The flowsheets of the considered configurations of ISCC plants are given in Figs. 1 and 2. The system is composed of a triple-
pressure NGCC coupled with a PTC solar field and a solar steam generator (SSG) modeled in the Mathcad® environment. The NGCC
plant is composed by a topping gas turbine unit (GT) type M701F4 (Mitsubishi heavy industry) and a bottoming steam Rankine cycle.
The bottoming steam cycle consists of a steam turbine (ST) unit divided into three stages: the high-pressure turbine stage (HPT), the
intermediate-pressure stage (IPT) and the low-pressure turbine stage (LPT). The steam turbine connected to a triple-pressure heat
recovery steam generator (HRSG) with one reheat at the intermediate pressure stage. The output power of the NGCC is 503 MWe with
a net thermal efficiency of 58.75% at nominal conditions. All technical and design parameters for the NGCC and HRSG of the steam
cycle shown in Table 1.
The working principle of the ISCC plant is derived from the NGCC power plant, where the exhaust gases with high temperature
from the gas turbine pass through the HRSG to generate superheated/saturated steam that used to drive the steam turbine. The solar
energy collected by the solar field is used to generate an additional amount of steam through the SSG to supplement the steam being
generated in the HRSG. The steam generated in SSG and fed into the HRSG of the NGCC plant allowing for two different integration
strategies modes: power boosting and fuel saving mode.

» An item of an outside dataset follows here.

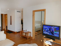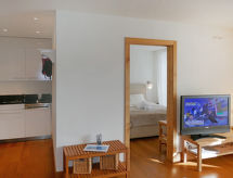 "Chesa San Bastiaun B5", 2 -sobni apartman 45 m2 na 1. katu. Ukusno i udobno uređen: otvoreni dnevni boravak/blagovaona s panoramskim prozorom s stolom za blagovanje i TV-om (plosnatim TV ekranom), DVD-om. Izlaz na balkon. 1 soba s panoramskim prozorom s 1 franc. krevetom (1 x 160 cm, dužina 200 cm). Mala, otvorena kuhinja (pećnica, perilica za suđe, 4 staklokeramičke ploče za kuhanje, toster, kuhalo za vodu, el. aparat za kavu, Doze za mašinu za kavu (Nespresso) uz doplatu, raclette roštilj). Kada/bidet/WC. Podno grijanje. Parketni pod. Balkonski namještaj. Vrlo lijep pogled na krajolik i rijeku. Na raspolaganju: sušilo za kosu. Internet (wireless LAN [WLAN], besplatan). Garaža br. B5 na parceli (1 automobil), visina 230 cm, širina 250 cm. Dodatna informacija: apartman za nepušače, kuća za nepušače.- postrojenja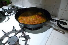 Pete used a jar of roasted tomatoes I jarred last summer, garlic, white wine, lemon zest and fresh herbs from our backyard to fashion an expert sauce that bubbled in a cast iron pan while he brought a large pot of salted water to a boil. One batch of pasta dough makes more than we will eat for dinner, so we put three dozen ravioli onto floured parchment and froze it for another time. Pete boiled the ravioli until the pasta was tender. We tasted one and were thrilled, so Pete drained the ravioli and tossed them into the sauce before plating. Pete took pictures. Then we ate and made nom nom nom noises.

The former is considered when the additional solar steam increasing the
NGCC power output while maintaining constant fuel input, the later when solar steam is used to reducing natural gas consumption
while keeping power output constant [9].
In the present study power boosting mode is considered for two cases of integration between PTC solar field and NGCC power
plant at IP stage (ISCC–I, Fig. 1) and HP stage (ISSC-II, Fig. 2). During periods of solar activity, apart the feed water from the HRSG is
sent to SSG, in which water is heated and transferred into saturated/superheated steam. The resulting steam is returned to HRSG,
where it overheats to the parameters required for supply to the steam turbine cycle, see Figs. 1 and 2 [10,11]. These configuration
circuits provide an increase in the flow rate of the generated steam, and, as a consequence, the increase in power realized in the NGCC
power plant. During periods of relatively low solar activity due to cloudiness and at night, the ISCC unit operates as a conventional
combined-cycle plant.
According to the flow diagram of ISCC-I shown in Fig. 1, the PTC solar field heats thermal oil “TherminolVP-1” to a temperature
limited to a level of about 400 °C, which is then sent through a series of shell-and-tube heat exchangers (SSG). The SSG receives part
of the preheated feed water (steam) from the intermediate pressure economizer (IPE) in the HRSG and returns superheated steam at
378 °C, which is mixed with the IP steam coming out of the IP superheater (IPSH) circuit. The mixture is reheated to the final
conditions of the IP steam turbine to approximately 540 °C in the reheater. The flow diagram of ISCC-II shown in Fig. 2 represents the
integration of solar steam in the HP circuit of HRSG, in this case a fraction of the generated steam in the HP economizer I (HPE_I) is
sent to SSG for superheating to approximately 378 °C outside the HRSG, while the maintaining part is evaporated in the HRSG. The
superheated steam from SSG returns back to the HRSG, where it is mixed with HP steam coming out of the HP evaporator circuit. The
mixture of two streams is then farther superheated in the HP superheater to approximately 560 °C before entering the HP turbine.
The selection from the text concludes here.